A new analysis by the Boston-based nonprofit
Design Management Institute, whose focus is design management, dishes the numbers to what design junkies thought of all along: that design-driven companies outperformed the
Standard & Poor's 500 by 200%.
These 500 are a stock market index of 500 large publicly traded companies. The companies who outperformed them include Coca-Cola, Ford, Herman Miller, Apple, IBM, Nike, Intuit, Newell Rubbermaid, Procter & Gamble, Starbucks, Starwood, Steelcase, Target, Whirlpool, and Walt Disney.
To get the number, DMI partnered with
Motiv, an innovation strategy firm, to create the DMI Design Value Index, a list of design-led, publicly traded U.S. companies that meet a set of six design management criteria.

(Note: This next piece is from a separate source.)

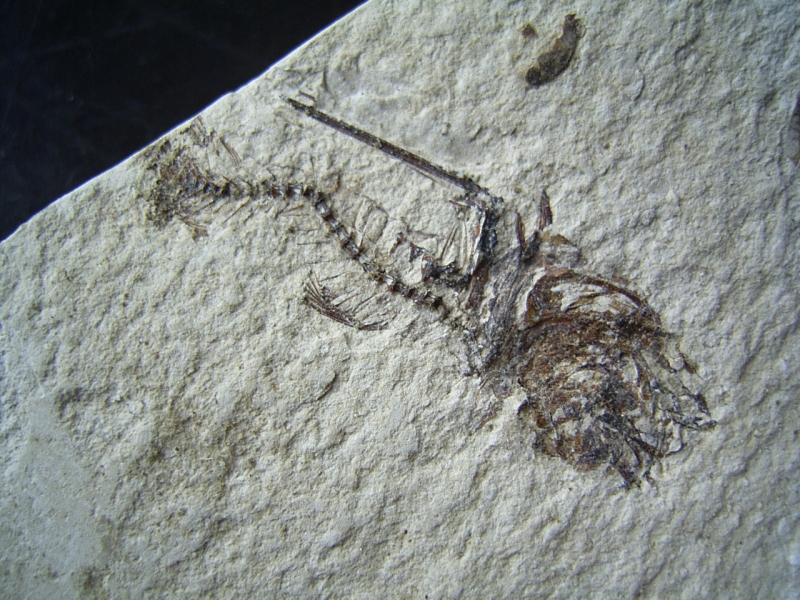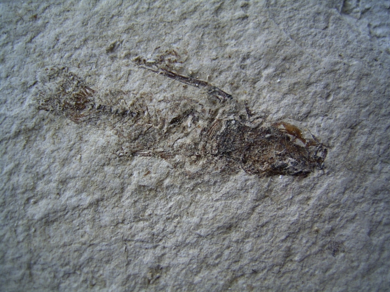 Auf der Rückseite des Steines befindet sich ein weiterer (noch unpräparierter) Fisch. Eine Ecke der Matrix ist gebrochen. Es wurde noch nicht verklebt, da an den Bruchflächen drei weitere Fossilien zu erkennen sind. Hier könnte noch einiges freigelegt werden. Es hat den Anschein als sei die gesamte Platte mit Fossilien durchzogen. Aus diesem Sediment sind auch fantastisch erhaltene Insekten und Pflanzen bekannt.

For example, the criteria stipulated that design had to be embedded within the company's organizational structure; design leadership had to exist at senior and divisional levels; and there had to be a senior-level commitment to design's use as an innovation resource and a force for positive change.
The above-mentioned companies were just 15 out of a pool of 75 that met DMI's criteria. They measured the success of this design-led segment of companies against other companies in the stock market, and found that those who put design first had a significant stock market advantage.
This research could also finally convince remaining design skeptics that hiring and effectively managing talented designers really is key to success.